True self-acceptance arises when we are able to break through the story, however good or bad, of ‘who we think we are’ to meet our true self, getting in touch with our true nature, maybe for the first time. And it is through that embrace that true contentment arises.

with love,

Ana


“Your thoughts matter because they create matter”

What are you thinking right now?

Did you know that you have in average 60,000 thoughts each day and that 95% of those thoughts are the same thoughts you had yesterday?

So if you are looking at improving your personal or professional life, wouldn’t be important to become more aware of the types of thoughts you are having at a deeper level?

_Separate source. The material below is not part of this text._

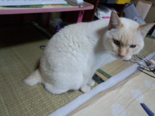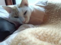 ミケオ君。猫風邪治りました~♪約1か月の通院お疲れ様です。お昼寝中に携帯を向けたら不機嫌なお顔。(そこは私の布団なんだけど。まぁ、いっか(笑))ミケオ君に掛けてあげてるのは、父から譲って貰った毛布です。とても暖かくて私やニャン達のお気に入りです。イカちゃんも大好きでした。

Mindfulness meditation can help you in observing your the day to day thinking – such as planning, worrying about the past, worrying about the future, criticizing, more planning- and moving beyond that.

Mindfulness meditation will support you in observing your thinking underlying the day-to-day ‘noise’ or your common thoughts.

Because it’s only when you realise that underneath a thought of I’m going to be late! lies another thought such as I’m not good enough or  Who cares about me anyway? that you will start applying real change to your life.